Don’t Do All The Heavy Lifting For Kids — They Might Actually Learn Something
By Paul Gagnon
Photo © shangarey_foto/Twenty20
Jan 19, 2022
I’m the dad of four boys.
Yes, four boys.
It may sound like a lot, but my wife and I manage just fine.
But as each kid grew up, I did struggle with one thing: knowing when to help and when to let them figure it out on their own.
It’s the type of parenting dilemma I would talk to my wife about often, usually when we’d take trips to the store to buy baby carrots.
All I knew was that I didn’t want to lead my boys down a path where they would need to completely rely on someone else.
So, I wondered: When is a good time to instill self-reliance in my kids?
I’m a Hockey Dad
The answer revealed itself on the ice.
Three of my boys got involved in hockey, and as I sat at the entrance of dozens of rinks over the years, I watched as parents, grandparents and caregivers trudged into each rink, hauling a child’s hockey bag in one hand, a stick in the other, and a hot coffee clutched under their chin.
What was going on?
If kids are physically able, shouldn’t they be doing that for themselves?
The whole theatre of it brought me back to a memory from my parents, who would tell me how they did weekly chores, including cleaning the house, all the while riding horses and walking everywhere.
You’ve probably heard someone older talking about how they walked to and from school, uphill, in feet of snow, without complaint.
"I didn’t want to lead my boys down a path where they would need to completely rely on someone else."
While snow is often not as treacherous as it once was, and fewer kids have access to farm chores, there are plenty of things kids can do to learn some responsibility.
Picking up toys, mowing the lawn, shoveling snow, doing dishes and cleaning up their room all seem, at least to me, like age-appropriate expectations.
And for many kids, they are.
But I think I’d go a step further, just because I’ve seen the opposite for too long: kids can carry their own hockey bag.
Pulling Their Own Weight
My carry-your-own concept doesn’t apply to just hockey — it applies to any activity wherein a parent is made the defacto pack mule.

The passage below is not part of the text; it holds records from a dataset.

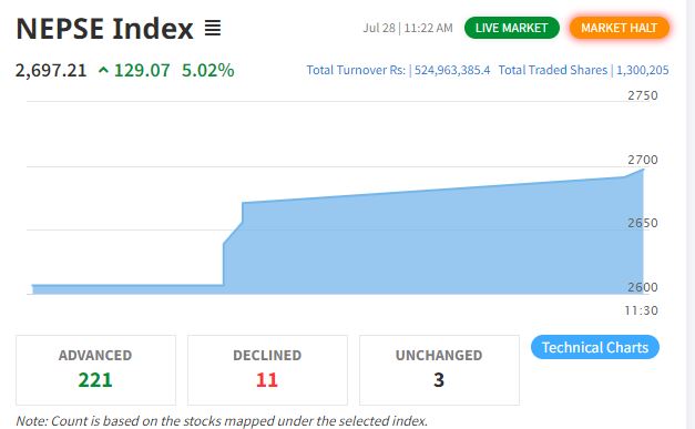 नेप्से ५ प्रतिशतले बढेपछि पुनः ४० मिनेटका लागि कारोबार बन्द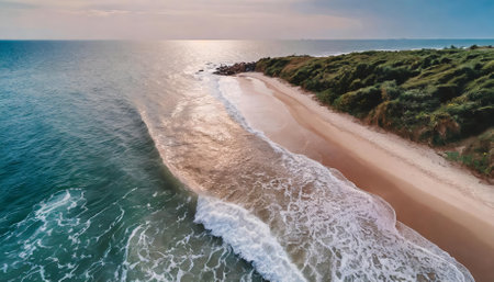 Immerse yourself in the serene beauty of this stunning drone photo showcasing a picturesque beach, with golden sunlight dancing on clear sea waters, vibrant sands, and a breathtaking coastal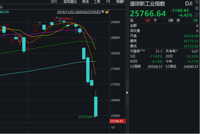 在全球新冠疫情消息冲击下,隔夜美股再次暴跌,道指再泻近1200点!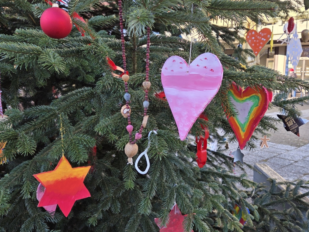 Mit Begeisterung und großem Eifer schmückten zahlreiche Kinder die beiden großen Weihnachtsbäume. Selbstgebastelte Sterne, Herzen und Kugeln sowie viele weitere kreative Schmuckstücke verwandelten die Bäume in leuchtende Kunstwerke. Tatkräftig unterstützt von den Erwachsenen entstanden so zwei prächtig geschmückte Weihnachtsbäume, die unseren Stadtteil in der Adventszeit erstrahlt haben.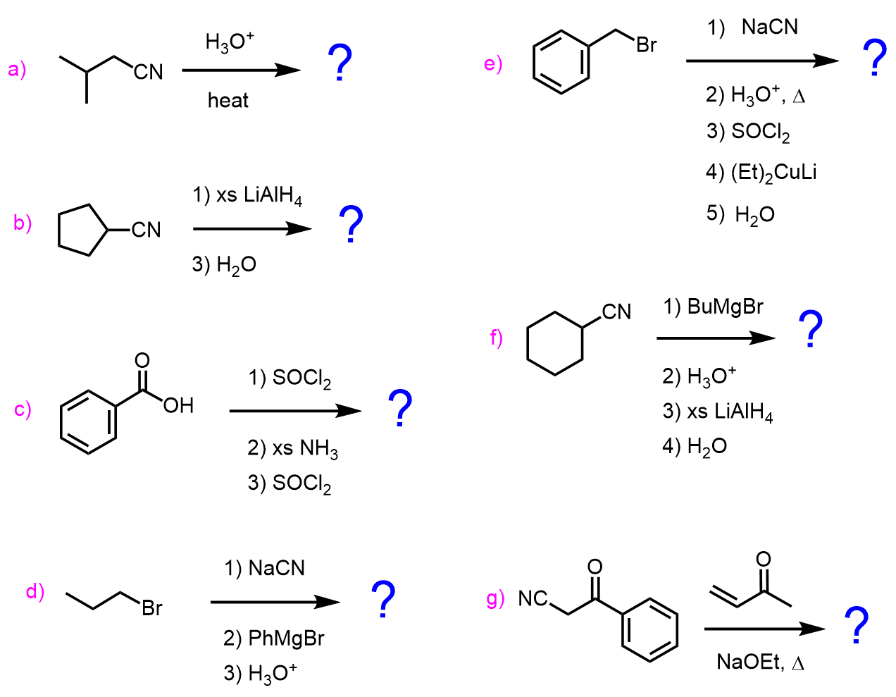 These are the main reactions of nitriles I wanted to mention. Let me know in the comments if there is anything important missing.

I think a kid dragging a bag across snow hills is challenging, sure, but I also see it building resiliency.
Over time, a heavy bag becomes easier to carry. By the age of five, my own children were able to carry or pull their own hockey bag.

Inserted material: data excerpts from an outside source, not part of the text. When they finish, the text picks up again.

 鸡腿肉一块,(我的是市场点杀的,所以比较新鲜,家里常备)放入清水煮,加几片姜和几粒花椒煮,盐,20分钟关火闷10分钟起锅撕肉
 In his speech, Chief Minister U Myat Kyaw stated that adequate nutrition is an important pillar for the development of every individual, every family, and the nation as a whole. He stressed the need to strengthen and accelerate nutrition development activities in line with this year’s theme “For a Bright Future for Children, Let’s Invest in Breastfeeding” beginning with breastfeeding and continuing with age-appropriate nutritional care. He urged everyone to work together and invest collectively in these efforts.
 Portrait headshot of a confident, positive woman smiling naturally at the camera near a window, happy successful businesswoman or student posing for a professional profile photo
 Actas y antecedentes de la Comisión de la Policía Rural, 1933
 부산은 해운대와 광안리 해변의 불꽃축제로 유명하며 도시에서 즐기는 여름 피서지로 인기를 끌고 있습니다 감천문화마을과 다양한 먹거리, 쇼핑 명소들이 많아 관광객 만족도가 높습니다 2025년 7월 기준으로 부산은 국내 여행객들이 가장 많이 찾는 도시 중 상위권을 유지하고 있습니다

I worry that resigning ourselves to bag stewards sets an impression among our kids that grown-ups are not just on the hook to provide all of life’s necessities, but to also be their personal assistants, anticipating every struggle and mood.
Is This A Culture of Doing Too Much?
I know that life has changed.
Kids these days receive a medal or ribbon for just showing up.
But I think this is too much.
I’ve watched my kids grow up and I’ve seen how resilient they can be. I’ve seen the capacity of youth, and I know firsthand that kids can do more and handle more than society often gives them credit for.
There are times to step in, of course. For some kids, tying skates is tricky because they don’t have the finger strength, and I have definitely needed to be on standby for lacing up.
But I also believe in encouraging my kids to invest their time in the things they care about. If they are interested in hockey, for example, that means taking the time to practice lacing up skates and carrying their heavy bags.
Every parent knows their own kids' stressors. Some will require more hand-holding than others, but I think it’s important to ask the question: am I imposing limitations on my kids before I even give them the opportunity to try?
Finish What They Start
As a parent, I want my kids to be responsible and finish what they start.
In our house, we’ve adopted a “no quitting” philosophy.
I’m a long-time teacher, and I’ve always held true a mantra that children must invest in the process of whatever it is they are involved in.
If a kid is responsible for lugging a 15-pound backpack, stuffed with books and supplies, a water bottle and lunch, then surely they can handle the weight of their own passions outside of school.
I believe it’s a great lesson in responsibility to make them the managers of their own success.
"In our house, we’ve adopted a 'no quitting' philosophy."
And if they forget something? I believe that in time they will learn not to.
Like when I drove across Calgary to a hockey session in frosty winds, knowing my six-year-old did not put his stick in the van. We arrived, he cried and he got over it.
But it only happened once.
Had he continued to forget it, then it would be a good signal that he wasn’t committed to hockey, and then we would have had to have a conversation about what that meant.
Thankfully we had a proactive discussion to discuss what signing up for hockey really means. And for any parents entering the world of kids' sports, I think a similar conversation is worth the effort.
Life is Hard
There will be difficulties in life, just like there are in sports.
I want my kids to experience age-related difficulties, and I do not panic if they fail or lose. And if something is hard, I don’t view that as a reason not to do something.
I don’t want to set unreasonable expectations for my kids, like that they will be praised any time they show up.
For my kids, I only expect that they work hard to conquer their stepping stones. That they say hello, goodbye, please and thank you.
I want my kids to grow up into independent men. People who are responsible, caring and involved in their community. But most importantly, I want them to be invested in what they do.